By Bhanvi Satija and Patrick Wingrove
(Reuters) -Surging demand for Eli Lilly’s diabetes drug Mounjaro, which is also being used off-label for weight loss, led to a surprise third-quarter profit, but the drugmaker on Thursday said it expects supply constraints for some time as it adds manufacturing capacity.
Lilly shares have rallied over 60% this year, making it the world’s most valuable healthcare company, as investors have bet on Mounjaro’s success. Shares were up another 5% in early trading on Thursday.
On an adjusted basis, Lilly posted a profit of 10 cents per share. Analysts’ were expecting a loss of 13 cents per share, according to LSEG data.
Mounjaro, which crossed over a billion dollars in quarterly sales for the first time, is widely expected to gain U.S. approval as an obesity treatment by the end of this year. Lilly can then begin promoting it for weight loss.
Finance chief Anat Ashkenazi said the company was seeing manufacturing capacity for Mounjaro ramp up every week and that she expected that to continue into 2024.
“But with all the investments we’re making and the production plans, the expected demand for (Mounjaro) will be quite significant.

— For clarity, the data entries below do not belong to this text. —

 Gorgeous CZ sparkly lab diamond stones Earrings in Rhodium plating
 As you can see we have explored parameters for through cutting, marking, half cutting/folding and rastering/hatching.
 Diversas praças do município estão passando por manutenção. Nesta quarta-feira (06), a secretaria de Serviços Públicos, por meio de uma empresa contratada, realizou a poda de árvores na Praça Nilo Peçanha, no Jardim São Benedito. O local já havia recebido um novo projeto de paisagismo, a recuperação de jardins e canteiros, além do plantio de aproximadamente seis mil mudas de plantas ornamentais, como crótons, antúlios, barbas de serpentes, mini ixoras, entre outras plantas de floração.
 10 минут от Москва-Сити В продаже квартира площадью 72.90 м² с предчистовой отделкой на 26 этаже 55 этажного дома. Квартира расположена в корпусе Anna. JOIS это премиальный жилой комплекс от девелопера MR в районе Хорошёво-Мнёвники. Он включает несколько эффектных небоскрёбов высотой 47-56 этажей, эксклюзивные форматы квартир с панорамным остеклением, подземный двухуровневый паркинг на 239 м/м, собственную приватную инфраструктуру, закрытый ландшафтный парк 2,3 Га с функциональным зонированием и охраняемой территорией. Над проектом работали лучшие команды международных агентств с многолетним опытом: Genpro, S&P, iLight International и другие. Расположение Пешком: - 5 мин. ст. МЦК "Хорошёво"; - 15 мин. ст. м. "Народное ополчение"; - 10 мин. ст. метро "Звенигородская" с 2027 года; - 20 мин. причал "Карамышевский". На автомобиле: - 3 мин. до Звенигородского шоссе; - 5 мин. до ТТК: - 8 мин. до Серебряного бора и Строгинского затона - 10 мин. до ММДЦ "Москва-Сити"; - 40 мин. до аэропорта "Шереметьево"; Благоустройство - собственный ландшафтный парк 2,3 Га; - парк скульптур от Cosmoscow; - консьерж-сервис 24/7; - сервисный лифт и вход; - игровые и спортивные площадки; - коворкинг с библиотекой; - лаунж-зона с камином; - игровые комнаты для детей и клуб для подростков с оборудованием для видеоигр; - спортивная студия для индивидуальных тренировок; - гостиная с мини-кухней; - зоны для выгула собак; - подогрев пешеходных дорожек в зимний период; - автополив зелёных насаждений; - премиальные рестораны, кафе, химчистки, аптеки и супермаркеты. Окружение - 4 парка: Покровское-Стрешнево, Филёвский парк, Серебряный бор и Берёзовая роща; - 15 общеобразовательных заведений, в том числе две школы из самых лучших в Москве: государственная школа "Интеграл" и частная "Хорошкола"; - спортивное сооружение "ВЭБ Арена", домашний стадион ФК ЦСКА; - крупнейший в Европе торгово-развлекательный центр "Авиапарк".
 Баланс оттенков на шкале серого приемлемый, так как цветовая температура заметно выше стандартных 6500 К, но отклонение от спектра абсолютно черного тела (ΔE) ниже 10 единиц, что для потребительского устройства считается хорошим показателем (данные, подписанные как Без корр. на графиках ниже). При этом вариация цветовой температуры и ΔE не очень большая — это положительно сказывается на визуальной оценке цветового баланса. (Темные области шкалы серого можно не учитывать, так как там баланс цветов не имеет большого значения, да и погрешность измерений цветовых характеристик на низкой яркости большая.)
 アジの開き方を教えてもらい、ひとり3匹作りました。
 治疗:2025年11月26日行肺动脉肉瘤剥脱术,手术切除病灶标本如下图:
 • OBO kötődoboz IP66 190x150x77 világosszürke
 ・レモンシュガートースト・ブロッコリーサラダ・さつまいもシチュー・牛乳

So we can be in a tight situation for some time,” the CFO said in an interview.
Lilly is aiming to double last year’s supply capacity for Mounjaro by the end of this year.
Indianapolis-based Lilly and Danish rival Novo Nordisk are ahead in the race to grab a slice of an estimated $100 billion market for anti-obesity treatments from a class of drugs originally developed for diabetes known as GLP-1 agonists.

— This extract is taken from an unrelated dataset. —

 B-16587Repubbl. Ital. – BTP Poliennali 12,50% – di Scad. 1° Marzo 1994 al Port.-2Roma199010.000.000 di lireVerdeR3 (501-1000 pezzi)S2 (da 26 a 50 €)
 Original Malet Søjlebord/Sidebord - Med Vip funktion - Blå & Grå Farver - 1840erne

Novo earlier on Thursday said it will supply “significantly” more doses of its popular weight-loss drug Wegovy in the United States next year, but cautioned shortages would continue in the short to medium term.
While Lilly flagged delays in fulfilling orders of certain Mounjaro doses in the quarter, its sales of $1.41 billion beat analysts’ estimates of $1.31 billion.
Two analysts told Reuters Lilly’s results were a boon for obesity drug manufactures as a whole. “At this point, the market is supply driven and every vial of (these weight-loss drugs) is getting used,” said BMO analyst Evan Seigerman.
Quarterly sales of top-selling diabetes drug Trulicity came in at $1.67 billion, below analysts’ estimates of $1.86 billion.
The majority of Mounjaro and Trulicity sales were recorded in the U.S. The company said supplies remain constrained internationally.
Ashkenazi said Lilly asked doctors outside the U.S. to stop putting new patients on Trulicity to cope with increased demand, which affected sales in the quarter.
The company also said it now expects a U.S. regulatory decision on its experimental Alzheimer’s drug donanemab in the first quarter of 2024. It had previously guided to an approval decision by the end of this year.
Ashkenazi said the FDA asked for more time to go through the data submitted for donanemab.
Lilly has been bolstering its pipeline through small deals, and previously disclosed it expects to record a $2.98 billion charge related to those transactions.
The company said it now expects a full-year adjusted profit of $6.50 to $6.70 per share, compared with the $9.70 to $9.90 range it forecast previously.
The forecast cut was “a continuation of Lilly’s under promise, over deliver strategy,” BMO’s Seigerman said.
It reported third-quarter revenue of $9.50 billion, topping Wall Street estimates of $8.95 billion.